Sara: Your example reminds me of some really important questions to pose to anyone building or purchasing AI models: who defines what optimal diversity is, who owns the ethical decisions around algorithm design, who is responsible for understanding the tradeoffs in hiring and recruiting technology, and who dictates which tradeoffs to make?
Nitya, you recently gave a very well received presentation at NationSwell around algorithm design. What would you say now is your favorite future possibility for AI and algorithms in workforce?
'Generative AI and LLMs are not meant to be sources of absolute truth. They can produce subjective judgments and generate inaccuracies or "hallucinations."'
Nitya: I really want people to think carefully about how they're using AI. Generative AI and LLMs are not meant to be sources of absolute truth. They can produce subjective judgments and generate inaccuracies or "hallucinations."
My favorite topic in this space is effectively building guardrails around these systems and the regulations that need to be in place.
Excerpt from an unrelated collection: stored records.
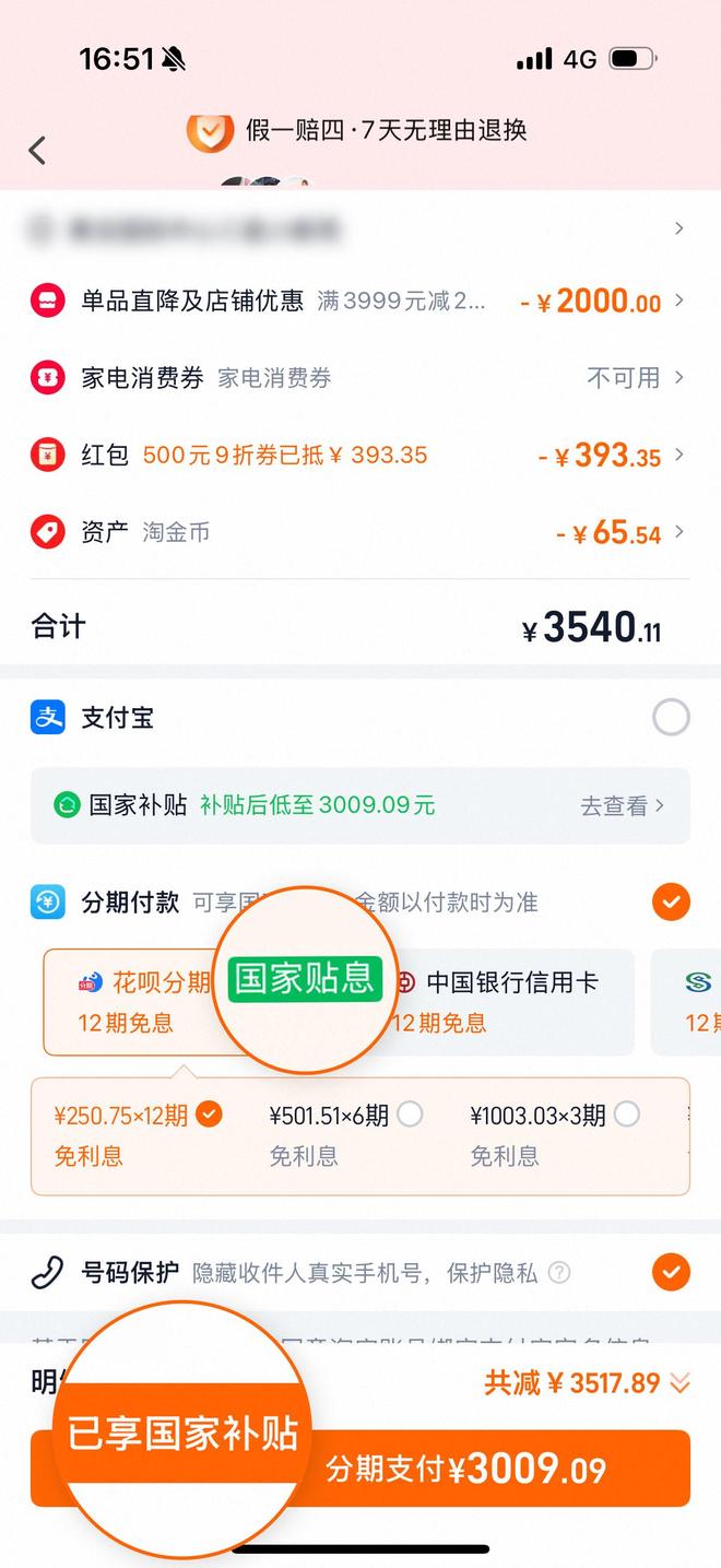 不仅如此,消费者在淘宝天猫平台上,选购手机数码、家电家具等国家“以旧换新”补贴政策范围内的商品,还可享受国家的双重补贴。以一款双开四门冰箱为例,原本的优惠价为4246元,先享受国家“以旧换新”补贴849.2元,再用花呗分期付款,享受由国家和商家共同贴息的12期免息,消费者每月仅需支付283元,就可以用上全新的冰箱了。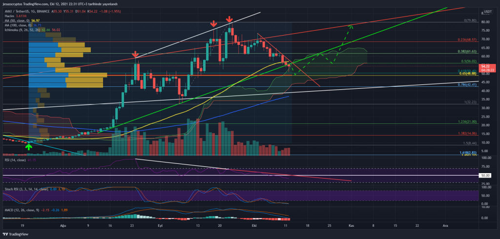 Bu noktada MA50 seviyesi olan 56,97 doları kaybettiği görülen AVAX’a Ichimoku bulutu ve fibonacci golden pocket alanı olan 48,88 – 50,40 dolar aralığı destek oluyor. Ayrıca grafikteki rallinin başlangıcından uygulanan hacim profili de bu golden pocket alanının fiyat için oldukça kuvvetli bir destek olduğunu gösteriyor. Yani bu seviyelerden daha fazla bir düşüş yaşamayacağı düşünülen AVAX’ın kırmızı düşen trendi kırarak yükselmesi ve 56,02 – 61,63 – 68,57 dolar dirençlerine gitmesi bekleniyor.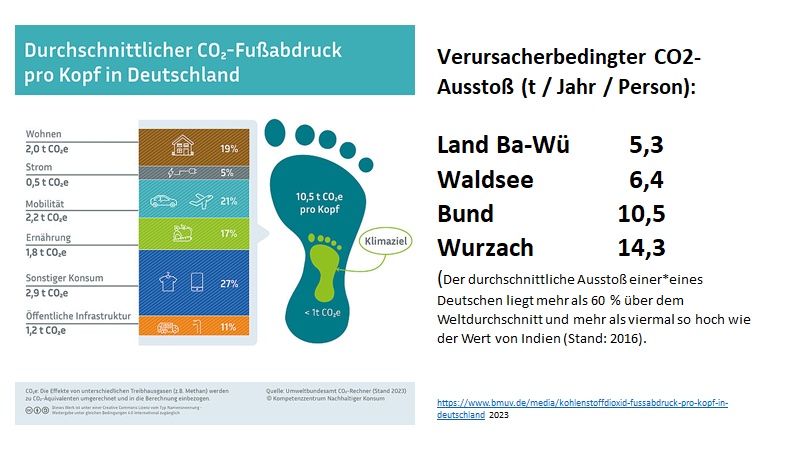 Auf jede Person in Bad Waldsee entfällt im Schnitt pro Jahr ein CO2-Ausstoß von 6.4 Tonnen (im Land Baden-Württemberg sind es 5,3 t, im Bund 10,5 t und in Bad Wurzach mit dem Sonderfall Glasfabrik sogar 14.3 t).

I think we need to upskill the creators of AI and the users of AI to think critically about what these guardrails need to be. It requires a lot of collaboration across many different types of stakeholders in order to make sure that you're engaging the right audience to answer these questions.
I encourage people to ask more questions about the tools that they're using, for data scientists to own data processing, and for more engagement and upskilling across various roles and perspectives in the complex processes of building, implementing, and evaluating AI systems.
. . . . .
Learning Collider’s panelists would like to thank our thoughtful and engaged audience and those who asked questions and commented on the topic, highlighting important points around the fallibility of human decision making and who gets a seat at the table in the design, selection, implementation, and evaluation of AI systems.